Restaurant delivery gets easier for most, but not Grubhub
Shares in Grubhub plunged 43% Tuesday after it sharply cut its revenue expectations for the year and warned of intense competition.
It is the worst single-day decline for shares since the company went public almost six years ago.
In a candid letter to shareholders late Monday, the company said that "supply innovations in online takeout have been played out" and that annual growth is slowing to a longer-term rate of low double digits.
With rivals swarming into the market and using promotions to lure whatever customers they can get, Grubhub cut its fourth-quarter revenue projections to between $315 million and $335 million. Analysts surveyed by FactSet were expecting revenue of $387 million.
The company also trimmed its earnings forecast to between $15 million and $25 million.
After the bell on Monday, the food delivery company reported third-quarter revenue of $322 million, a 30% increase from the previous year, but short of the $330 million Wall Street analysts were expecting.
And food sales grew 15% year-over-year to $1.4 billion, up from the $1.2 billion in last year's third quarter.
But Grubhub is fighting for every sale and said Tuesday that it would be spending money on marketing and promotions to do just that.
The Chicago company acknowledged that it is now playing in a crowded field and must do more to strengthen customer loyalty.
UberEats, DoorDash and PostMates are committed to doing the same and it's created something of a Wild West in the food delivery business.

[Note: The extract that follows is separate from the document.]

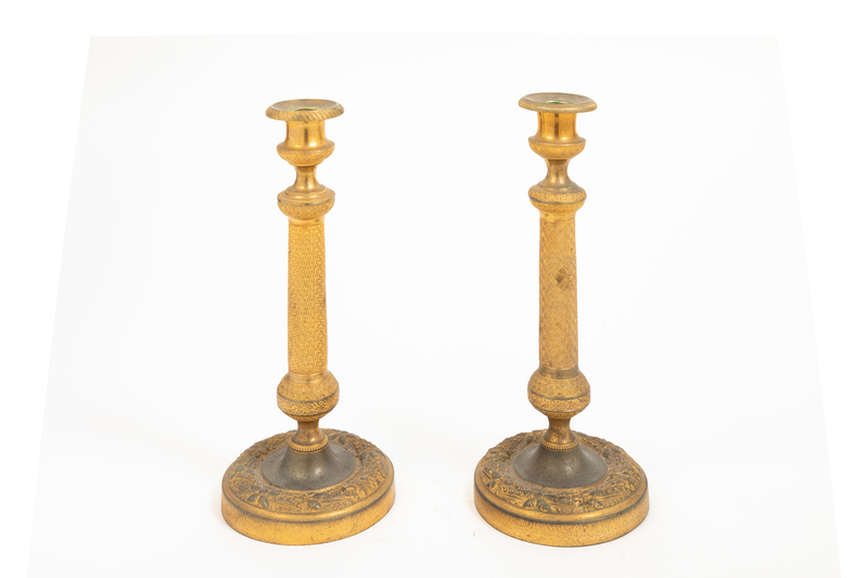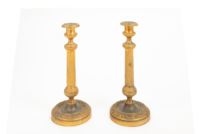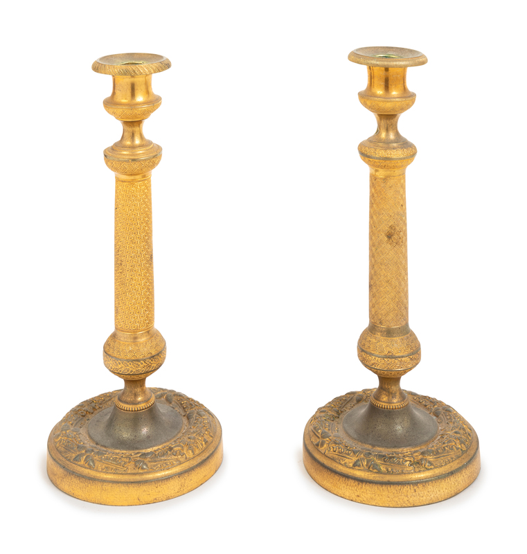 A Pair of Empire Style Gilt Bronze Candlesticks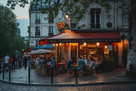 A group of people enjoying their meals while seated at tables outside of a restaurant, A charming cafe exterior on a bustling Parisian street at dusk, AI Generated

"As we dug into the data, we saw that our newer diners, particularly those in our newer markets, were not driving as many orders as we expected at that point in their lifecycle," the company said in the letter to shareholders. "Furthermore, we believe online diners are becoming more promiscuous."
Customers are choosing rival delivery services as they would meals from a menu, depending on the day. That is pressuring all companies in the sector.
Earlier this month, PostMates postponed plans to become a publicly traded company, saying the conditions were not favorable.
Grubhub says it hopes to double the number of restaurants on its platform by the end of 2020 by expanding a pilot program that included non-partnered restaurants. The company admitted the new strategy contradicts its philosophy of delivering only for partnered restaurants and that it was not in the company's best interests long-term.
"It is expensive for everyone, a suboptimal diner experience and rife with operational challenges," the company said, adding that it was an efficient way to keep current customers and lure new ones.
Grubhub said it will move quickly and increase spending over the next 12-18 months to implement the new strategy.
Grubhub's stock fell to $33 per share on Tuesday, less than half the price at the same time last year, and down 77% from all-time highs near $150 just over a year ago.
If there is a silver lining for Grubhub, it's that the online customer, millions of them, are up for grabs and they are spending.
According to market research firm NPD Group, the forecast annual growth rate of digital restaurant orders from 2017 to 2020 is 22%.
In the year ending September 2019, 2 billion delivery orders were placed at U.S. restaurants, up 5 percent from the previous year.
However, according to NPD, delivery represents only about 3% of all restaurant orders.
That means Grubhub, UberEats, DoorDash and PostMates are fighting over a growing, yet diminutive slice of the restaurant market.